**Work to be completed**
Write every record out again exactly, and keep images out of it.

(Collected data)
◆ ◆ ◆
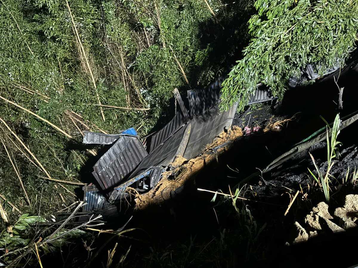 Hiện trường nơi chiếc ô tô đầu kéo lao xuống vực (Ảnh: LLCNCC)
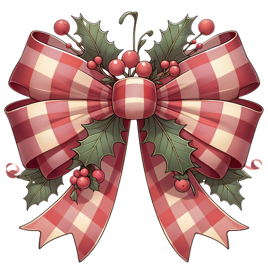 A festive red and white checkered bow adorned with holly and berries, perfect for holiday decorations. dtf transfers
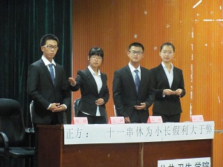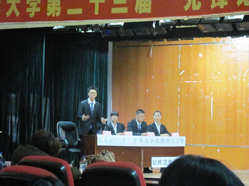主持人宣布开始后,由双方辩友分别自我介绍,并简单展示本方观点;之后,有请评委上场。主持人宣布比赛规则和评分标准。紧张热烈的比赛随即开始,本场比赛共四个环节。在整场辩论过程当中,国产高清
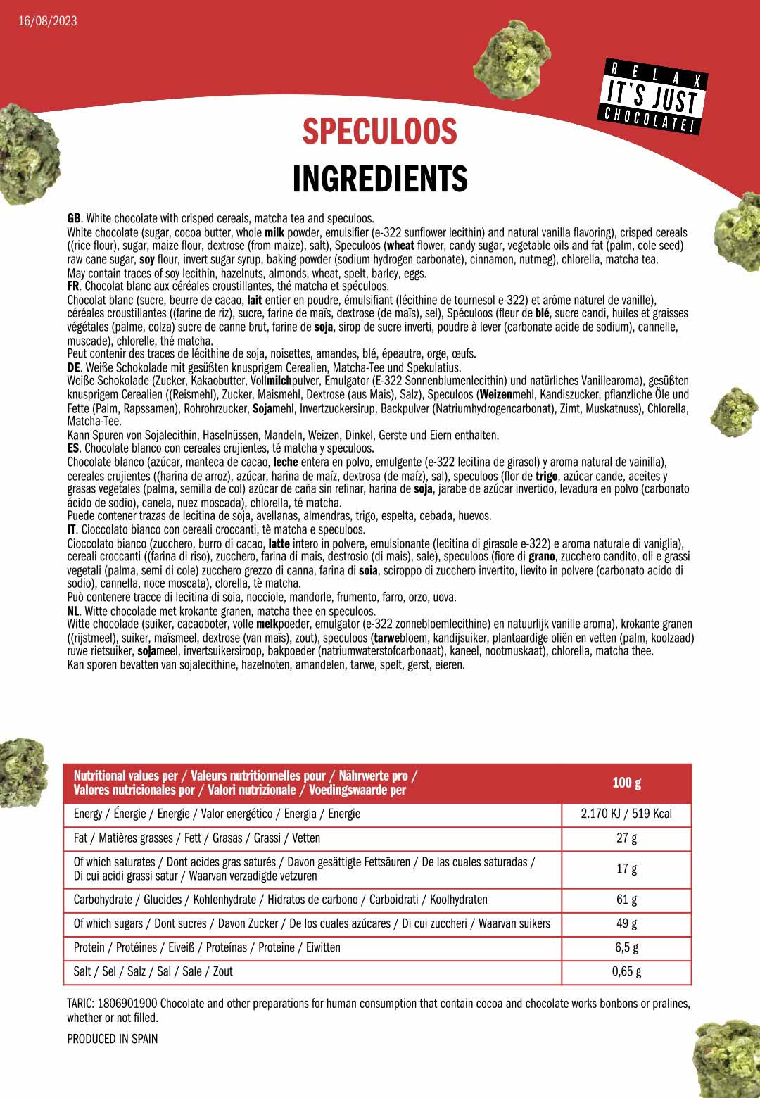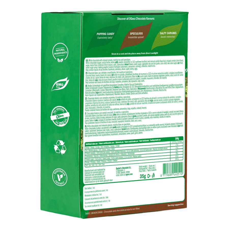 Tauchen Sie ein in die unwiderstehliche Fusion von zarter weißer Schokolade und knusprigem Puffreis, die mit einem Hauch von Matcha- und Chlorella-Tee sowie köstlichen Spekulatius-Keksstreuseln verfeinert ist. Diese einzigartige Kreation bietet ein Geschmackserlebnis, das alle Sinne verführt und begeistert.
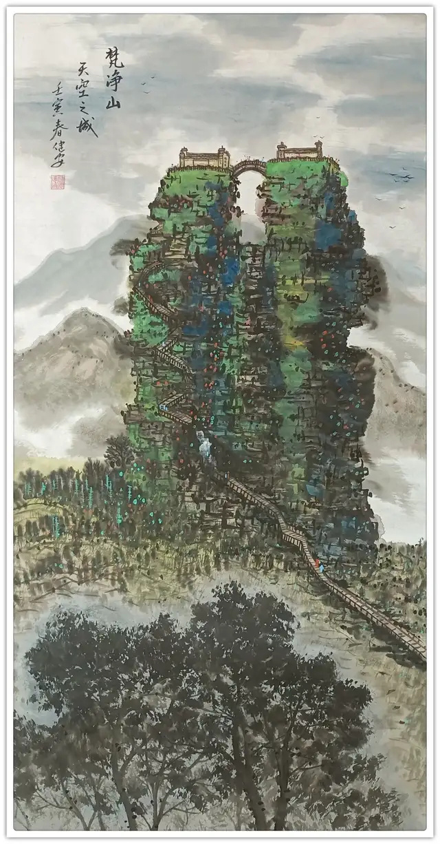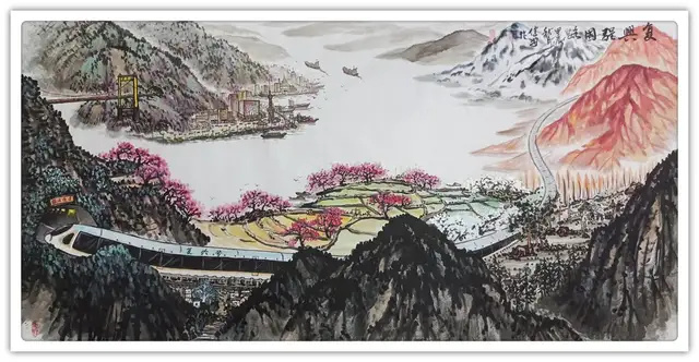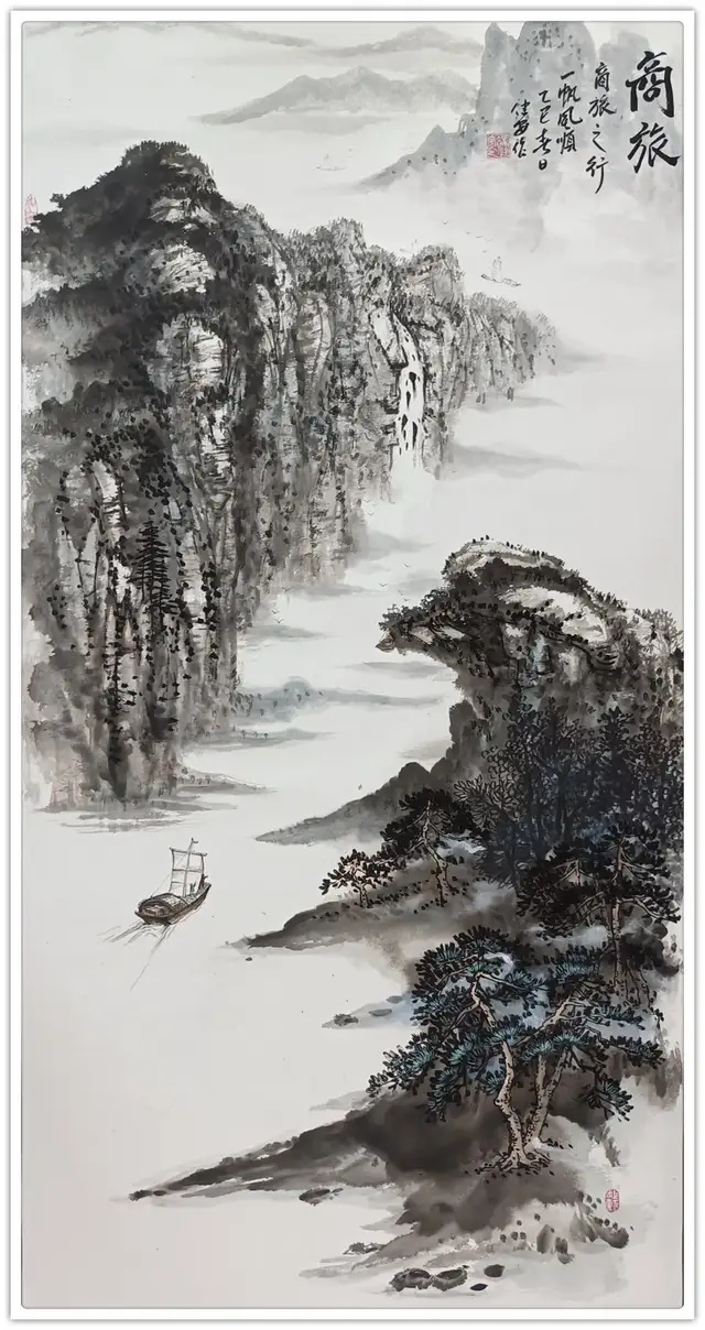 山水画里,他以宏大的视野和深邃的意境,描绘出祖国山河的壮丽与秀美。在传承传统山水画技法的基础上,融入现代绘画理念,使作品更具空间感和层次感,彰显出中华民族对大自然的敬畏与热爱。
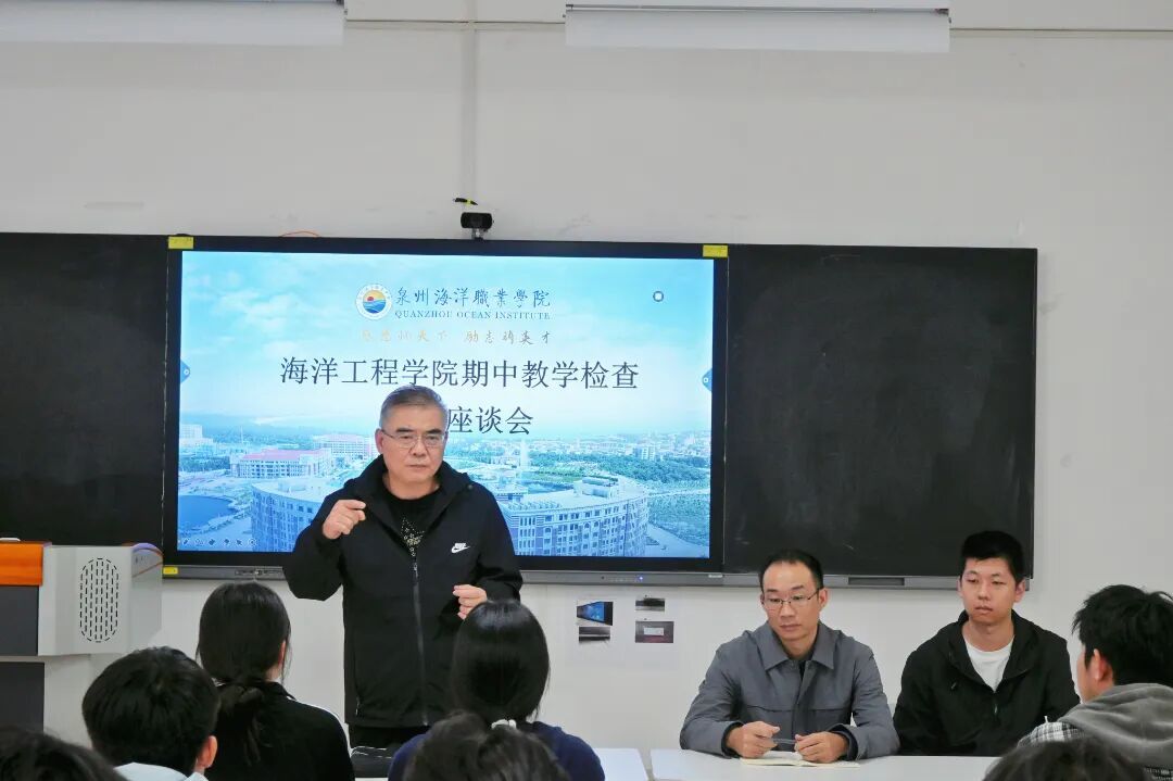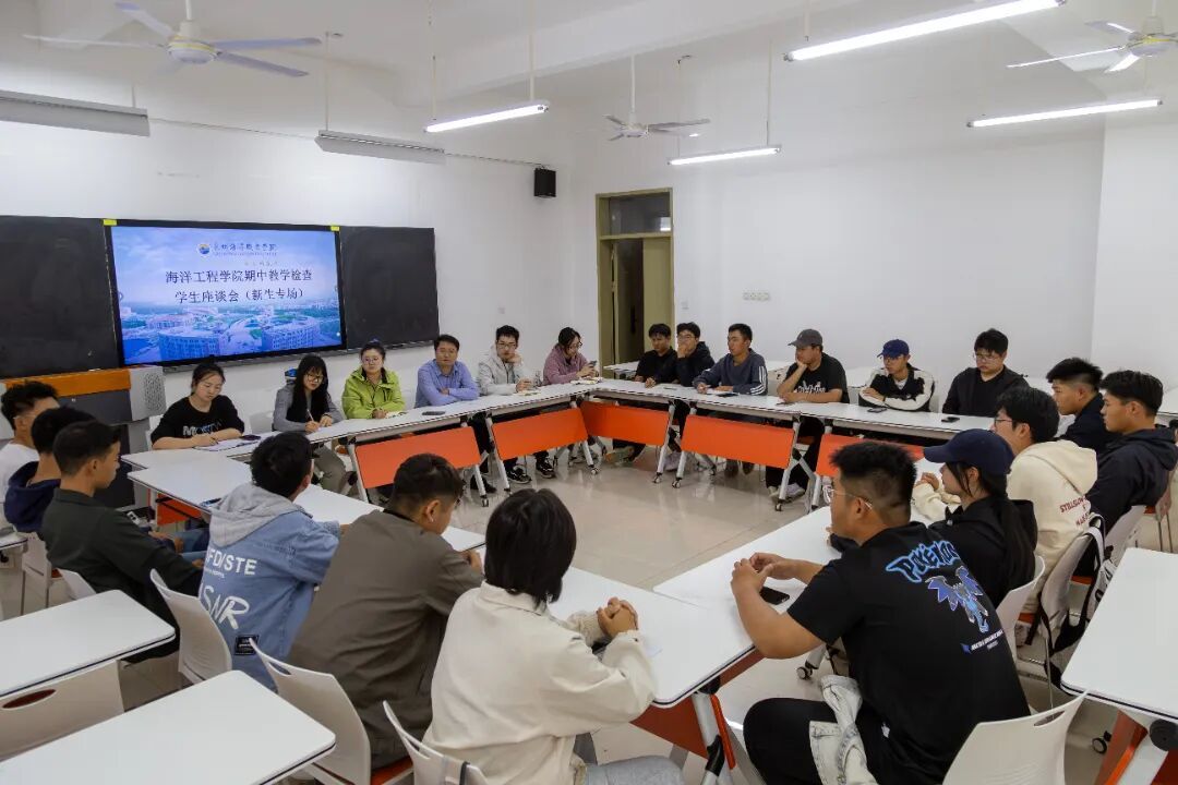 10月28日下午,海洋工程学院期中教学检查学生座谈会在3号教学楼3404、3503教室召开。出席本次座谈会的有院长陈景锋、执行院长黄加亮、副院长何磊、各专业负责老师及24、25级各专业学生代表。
◆ ◆ ◆
**Your solution**
 Hiện trường nơi chiếc ô tô đầu kéo lao xuống vực (Ảnh: LLCNCC)
 A festive red and white checkered bow adorned with holly and berries, perfect for holiday decorations. dtf transfers
主持人宣布开始后,由双方辩友分别自我介绍,并简单展示本方观点;之后,有请评委上场。主持人宣布比赛规则和评分标准。紧张热烈的比赛随即开始,本场比赛共四个环节。在整场辩论过程当中,国产高清
 Tauchen Sie ein in die unwiderstehliche Fusion von zarter weißer Schokolade und knusprigem Puffreis, die mit einem Hauch von Matcha- und Chlorella-Tee sowie köstlichen Spekulatius-Keksstreuseln verfeinert ist. Diese einzigartige Kreation bietet ein Geschmackserlebnis, das alle Sinne verführt und begeistert.
 山水画里,他以宏大的视野和深邃的意境,描绘出祖国山河的壮丽与秀美。在传承传统山水画技法的基础上,融入现代绘画理念,使作品更具空间感和层次感,彰显出中华民族对大自然的敬畏与热爱。
 10月28日下午,海洋工程学院期中教学检查学生座谈会在3号教学楼3404、3503教室召开。出席本次座谈会的有院长陈景锋、执行院长黄加亮、副院长何磊、各专业负责老师及24、25级各专业学生代表。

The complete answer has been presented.